- [DESCRIPTION OF THE TASK] Write out exactly the lines below starting at the one containing "PCS 51 mit Tonarm" and ending at the one containing "这并非博时基金近期初度堕入公". Omit every picture.

- [MATERIAL FOR THIS TASK]
=== Section Start ===
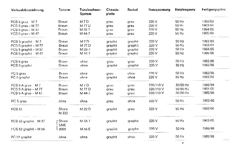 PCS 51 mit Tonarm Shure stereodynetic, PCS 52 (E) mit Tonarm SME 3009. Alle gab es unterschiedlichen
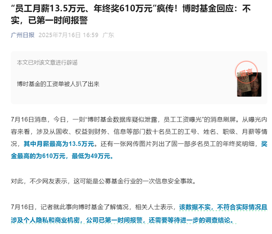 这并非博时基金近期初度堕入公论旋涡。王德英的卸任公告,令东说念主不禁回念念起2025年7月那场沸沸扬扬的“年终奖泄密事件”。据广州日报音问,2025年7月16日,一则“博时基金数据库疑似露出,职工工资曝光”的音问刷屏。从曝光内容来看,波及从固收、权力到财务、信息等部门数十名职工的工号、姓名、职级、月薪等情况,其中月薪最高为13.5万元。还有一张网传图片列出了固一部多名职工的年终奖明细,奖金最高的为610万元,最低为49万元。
=== Section End ===
=== Section Start ===
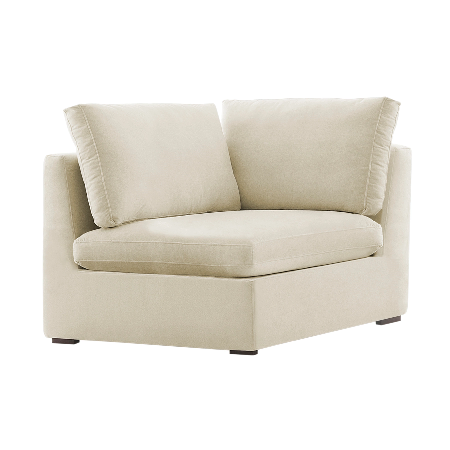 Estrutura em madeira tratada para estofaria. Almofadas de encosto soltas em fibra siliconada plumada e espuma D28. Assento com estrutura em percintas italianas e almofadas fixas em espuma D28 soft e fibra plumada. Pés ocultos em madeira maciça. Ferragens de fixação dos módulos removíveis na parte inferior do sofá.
=== Section End ===
=== Section Start ===
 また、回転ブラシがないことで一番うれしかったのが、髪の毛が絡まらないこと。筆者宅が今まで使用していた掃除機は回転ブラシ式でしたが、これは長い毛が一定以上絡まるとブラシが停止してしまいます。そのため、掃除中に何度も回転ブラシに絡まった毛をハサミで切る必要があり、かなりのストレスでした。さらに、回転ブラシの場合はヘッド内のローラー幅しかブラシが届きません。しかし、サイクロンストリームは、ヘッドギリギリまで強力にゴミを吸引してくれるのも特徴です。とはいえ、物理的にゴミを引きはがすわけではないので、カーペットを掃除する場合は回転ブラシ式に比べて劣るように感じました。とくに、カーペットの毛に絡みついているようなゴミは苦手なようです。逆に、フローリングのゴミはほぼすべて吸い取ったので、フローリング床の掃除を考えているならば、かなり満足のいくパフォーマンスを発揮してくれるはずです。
=== Section End ===
- [TASK RESULT]
 PCS 51 mit Tonarm Shure stereodynetic, PCS 52 (E) mit Tonarm SME 3009. Alle gab es unterschiedlichen
 这并非博时基金近期初度堕入公论旋涡。王德英的卸任公告,令东说念主不禁回念念起2025年7月那场沸沸扬扬的“年终奖泄密事件”。据广州日报音问,2025年7月16日,一则“博时基金数据库疑似露出,职工工资曝光”的音问刷屏。从曝光内容来看,波及从固收、权力到财务、信息等部门数十名职工的工号、姓名、职级、月薪等情况,其中月薪最高为13.5万元。还有一张网传图片列出了固一部多名职工的年终奖明细,奖金最高的为610万元,最低为49万元。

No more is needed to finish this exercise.